The plaintiff, a corporation organized under the act approved May 1st, 1875, providing for the incorporation of manufacturing companies, entered into an agreement with the defendant giving the latter the sole and exclusive license and right to manufacture and sell a certain patent rail upon a royalty to be paid therefor. The defendant manufactured and sold a certain number of tons and this *333action is brought to recover the royalty due therefor. The defendant alleges that the contract was one the plaintiff had no authority to enter into as it thereby abdicated a specific corporate function for a period of seven years.
The defendant should have thought of this sooner and not-waited until, after receiving the full benefit of the contract, it was called upon to perform on its part. Evidently the defendant does not set up this defense in the interests of the plaintiff or its stockholders, who seem to have been satisfied with the contract and made no objection thereto.
But was this contract an abdication of any of the plaintiff’s corporate powers?
The purposes for which the plaintiff was organized, were to engage in the manufacture and sale of this rail, and to sell rights and to grant license to manufacture on royalty or otherwise under the same, also buying, manufacturing and selling railroad rails, spikes, etc.
One of the objects specified was to sell rights and grant licenses to manufacture this rail on a royalty, and this was just what it did do in entering into this agreement with the defendant. In other words, it made a contract within the very letter of its charter. We think this contract was binding and that the defendant must carry out its part of the same.

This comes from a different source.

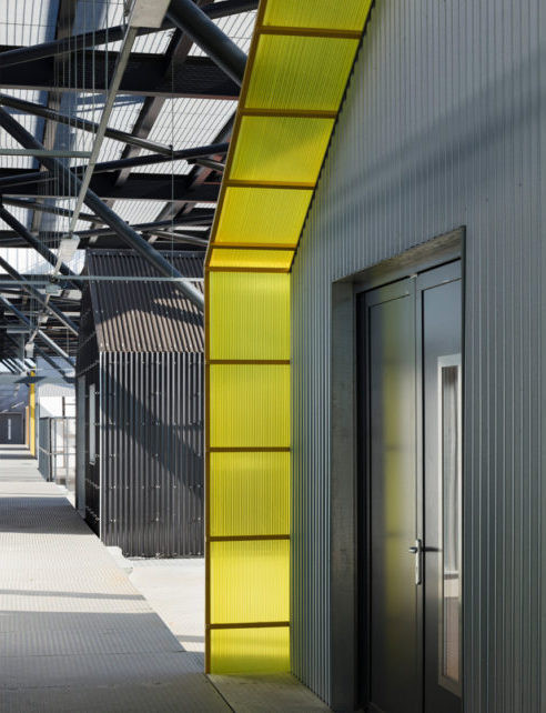 Šedá ocelová konstrukce získala díky barevným objektům zcela nový, překvapivý ráz. Každé ze studií má ztělesňovat lokální produkci a kreativní myšlení komunity. Jedna z buněk například odkazuje vzorem rybích šupin na místní výrobu vyhlášeného uzeného lososa. Studia obložená dřevem zase poskytují klidné a flexibilně přizpůsobitelné prostředí pro tvůrčí práci.

It is in the second place said that this agreement was not made upon a valuable consideration, as the patent referred to was void.
This question we think is not open to controversy in the present case. The contract shows that'the defendant, at the time of this agreement, was the owner of the patent with which this is supposed to conflict, and that this agreement was entered into apparently to avoid any conflict, and in order that the royalty should be divided. The defendants therefore are in no position to question the validity of the plaintiff’s patent in the present action brought to recover a royalty earned or due on account of rails manufactured and sold thereunder.
The judgment will be affirmed with costs.
Cooley and Campbell, J J. concurred.